[Material provided]
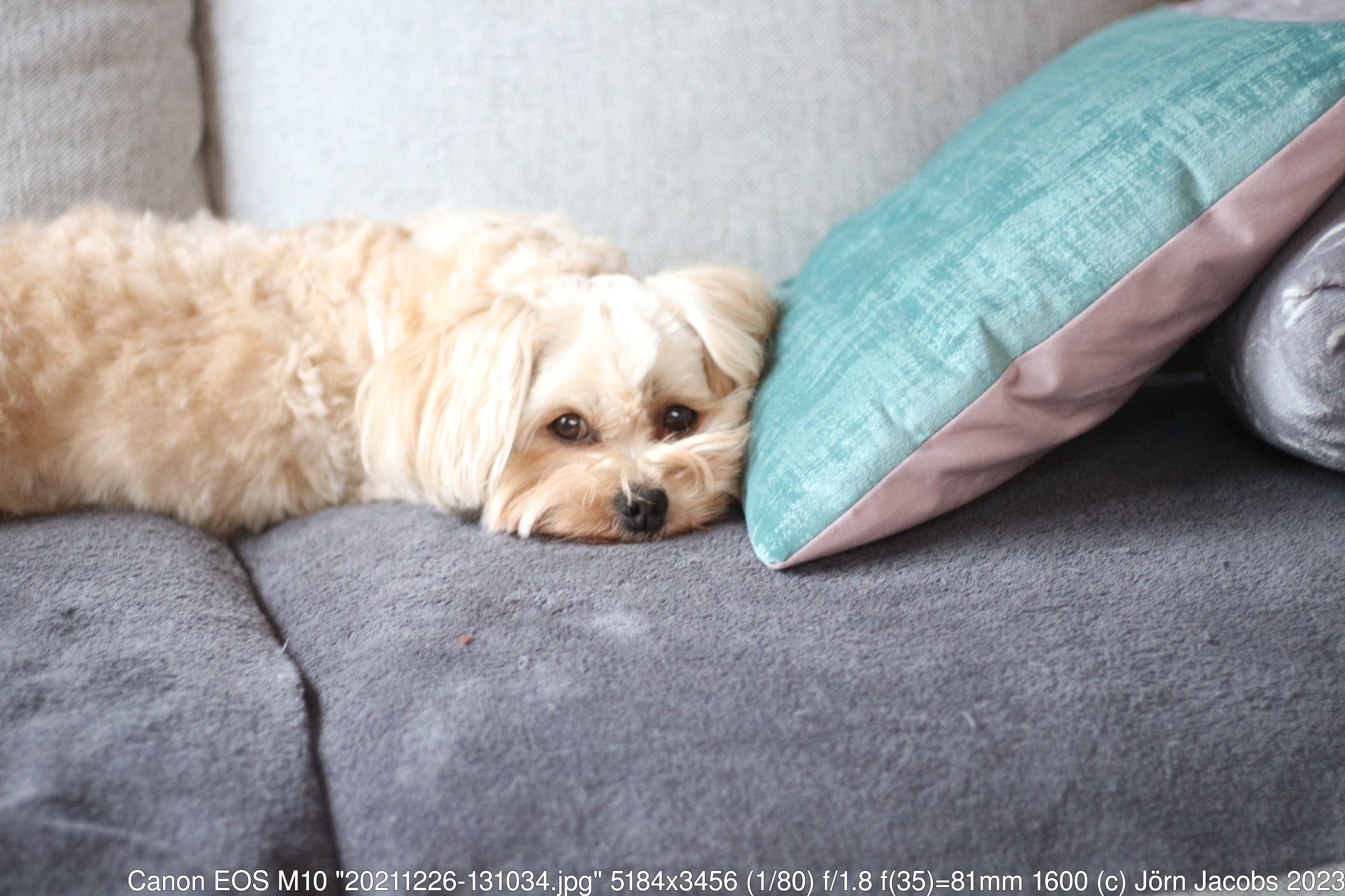 A39 Freihand-Tierportrait bei wenig Licht: Ideal ist ein Lichststarkes Objektiv und eine Kamera mit real benutzbaren hohen ISO-Werten : Canon EOS M10, Objektiv: Brw.: 50.0 mm Entf.: 0.87 m Blende: F/ 1.8 , VsZeit 1/40 s, Empf.: 5000 ISO
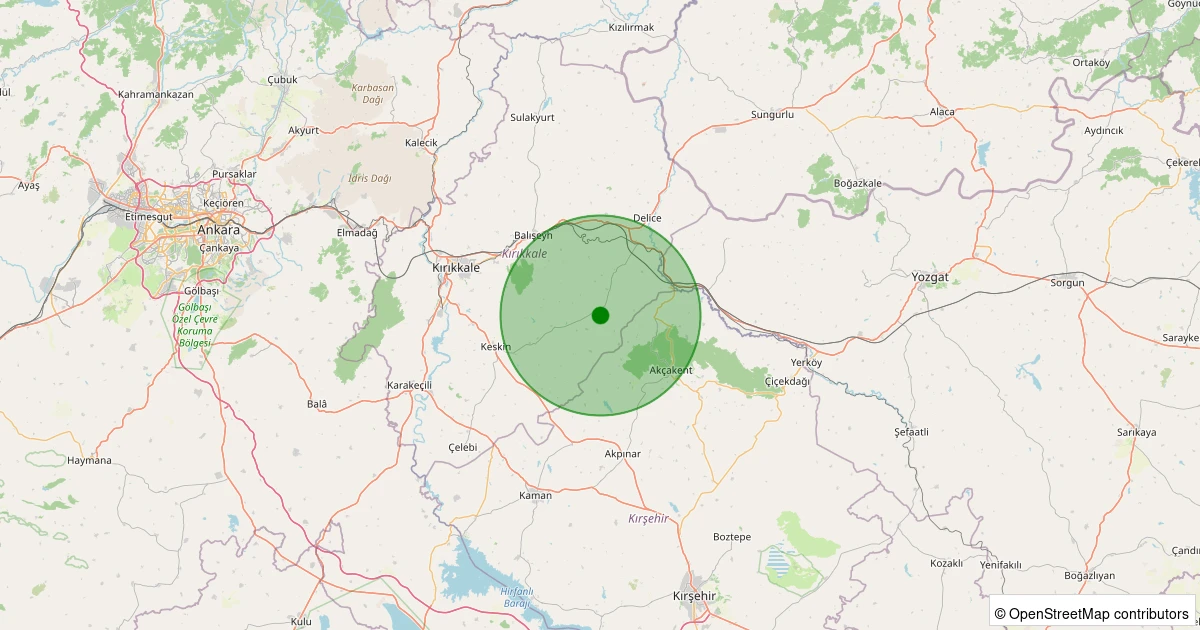 Son 7 gün içinde Keskin - Barakobası Köyü noktasından 100 km yarıçap içerisinde meydana gelen diğer depremler:
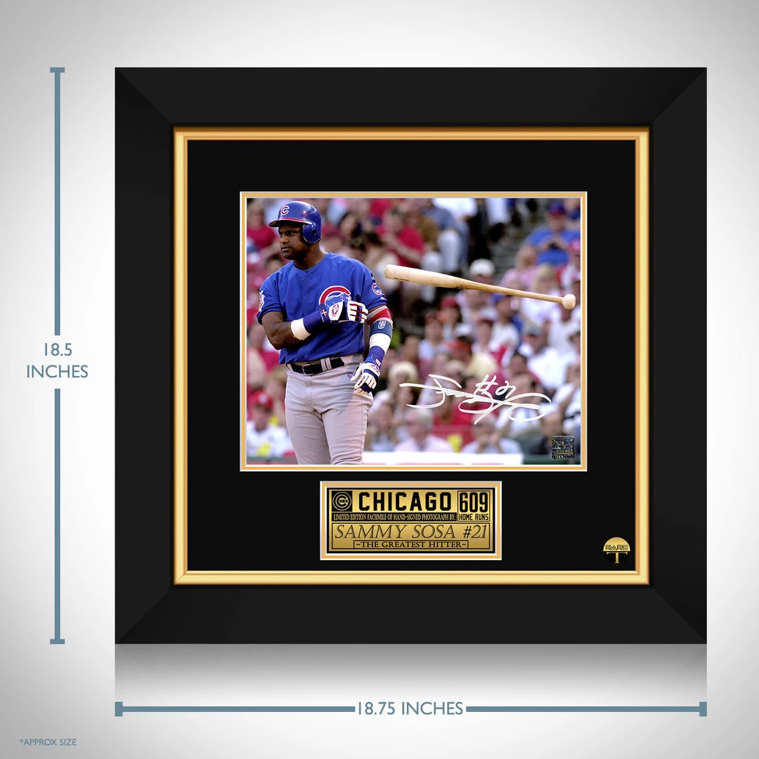 Pay homage to one of the most iconic Baseball player of all time, Chicago Cubs, with this gallery-framed, officially licensed, limited edition facsimile of hand-signed photo, originally signed by Sammy Sosa, of which is strictly limited to 100 units Worldwide, and has been approved and numbered accordingly.
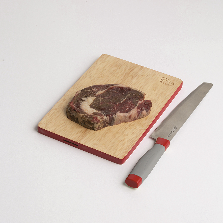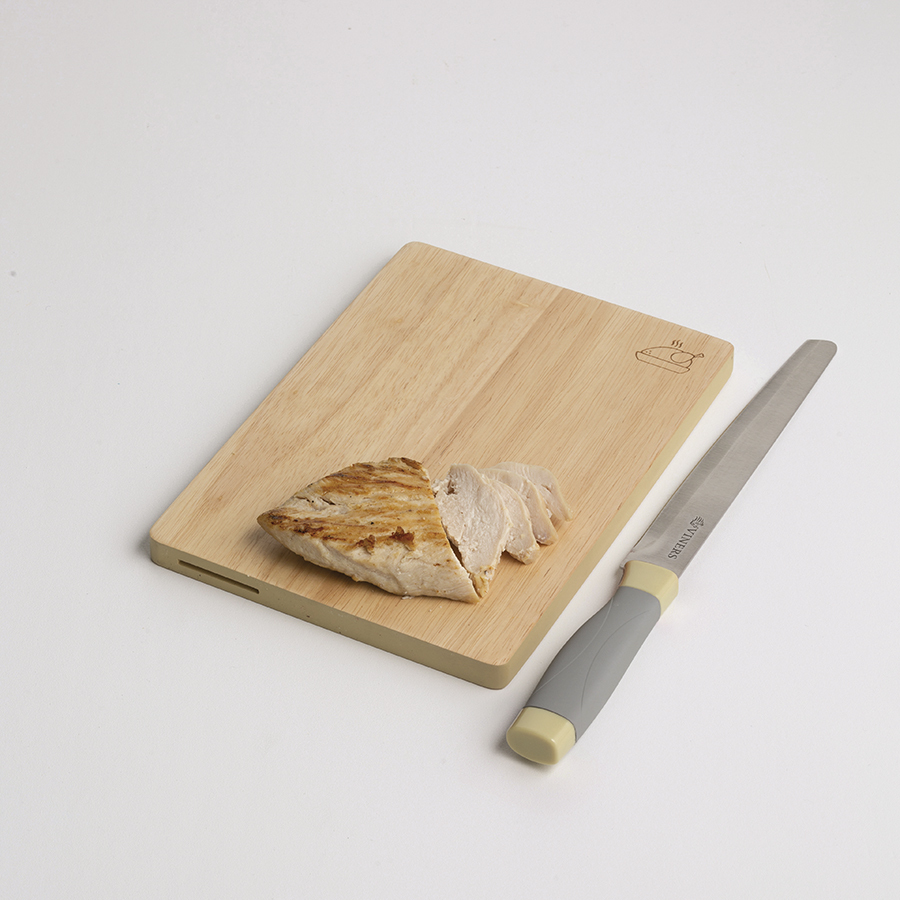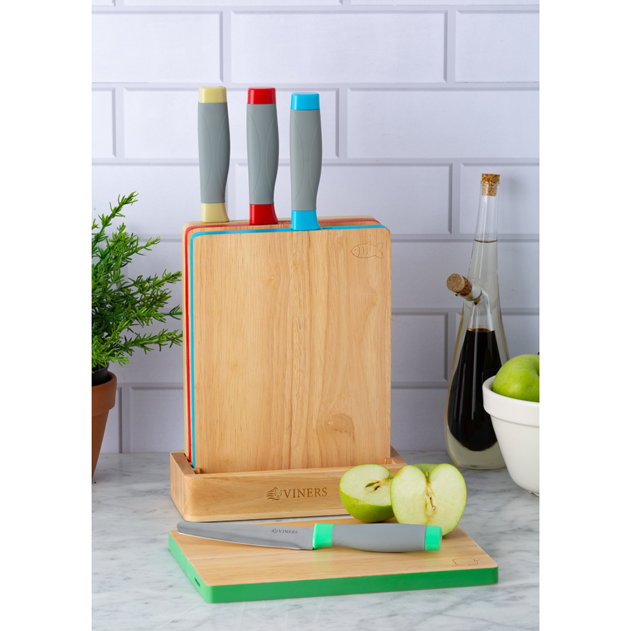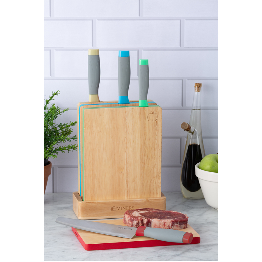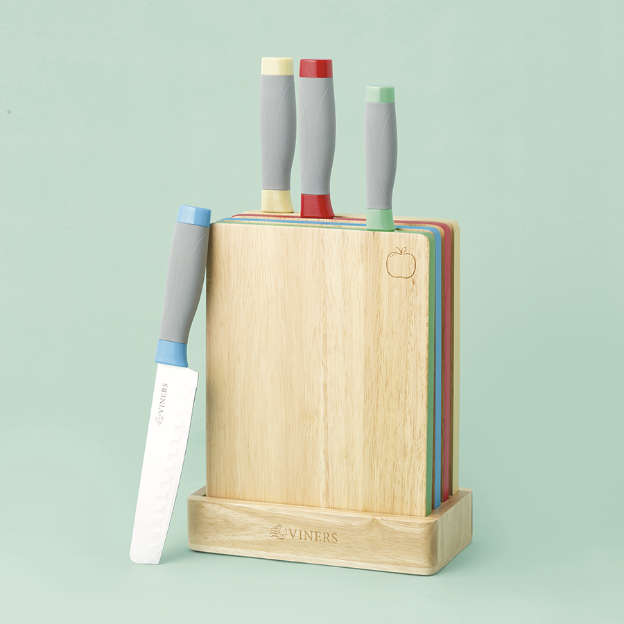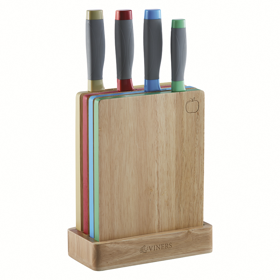 Набор включает четыре ножа и четыре разделоячные доски в деревянной подставке. Каждый из ножей идет в комплекте с конкретной разделочной доской, что позволяет предотвратить перекрестное заражение.
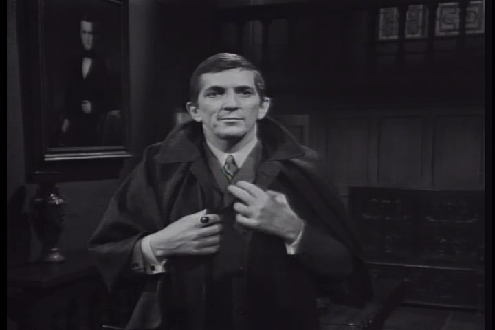 Barnabas then shows up (wearing a hat, which is a rarity.) Barnabas tells them he'd like to move into the Old House. He tells them that he feels he belongs in the Old House. Elizabeth says she believed that Barnabas had died childless but Barnabas says the 'original' Barnabas had actually married and had a child but that he had enemies and apparently made up the story of his death or something like that.
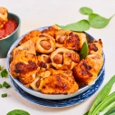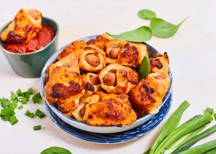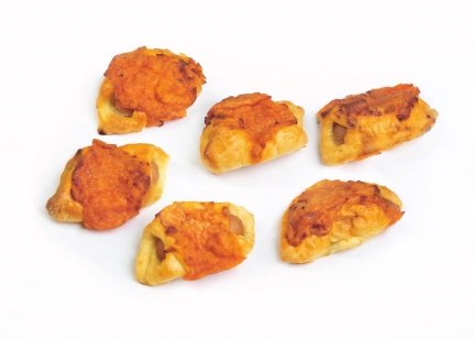 Cīsiņi (41%)( cūkgaļa 45%, vistas gaļa 22%, cūku speķis 8%, dzeramais ūdens, piena olbaltumvielas, sāls, stabilizētāji E450, E451, biezinātāji E412, E1442, glikozes sīrups, maltodekstrīns, dekstroze, antioksidanti E300, E330, aromatizētājs, rauga ekstrakts, garšvielu ekstrakti (čili, melnie pipari, kardamons), konservants E250), kviešu milti, margarīns (augu tauki (palmu eļļa), augu eļļas (rapšu), emulgatori E471, saulespuķu lecitīns, skābuma regulētājs citronskābe, dabīgs aromatizētājs, krāsviela beta karotīns), siers (7%) (piens, kalcija hlorīds, pārtikas krāsviela beta karotīns, kukurūzas ciete), cukurs, rapšu eļļa, olu masa, raugs, ķirbju biezenis, sūkalu pulveris, sāls, rudzu milti, antioksidants askorbīnskābe
[/Material provided]
■ Assignment
Among the lines above, the one with "Son 7 gün içinde" opens the part to repeat and the one with "Набор включает четыре" closes it; repeat only that part exactly, with no pictures.

■ Solved problem
 Son 7 gün içinde Keskin - Barakobası Köyü noktasından 100 km yarıçap içerisinde meydana gelen diğer depremler:
 Pay homage to one of the most iconic Baseball player of all time, Chicago Cubs, with this gallery-framed, officially licensed, limited edition facsimile of hand-signed photo, originally signed by Sammy Sosa, of which is strictly limited to 100 units Worldwide, and has been approved and numbered accordingly.
 Набор включает четыре ножа и четыре разделоячные доски в деревянной подставке. Каждый из ножей идет в комплекте с конкретной разделочной доской, что позволяет предотвратить перекрестное заражение.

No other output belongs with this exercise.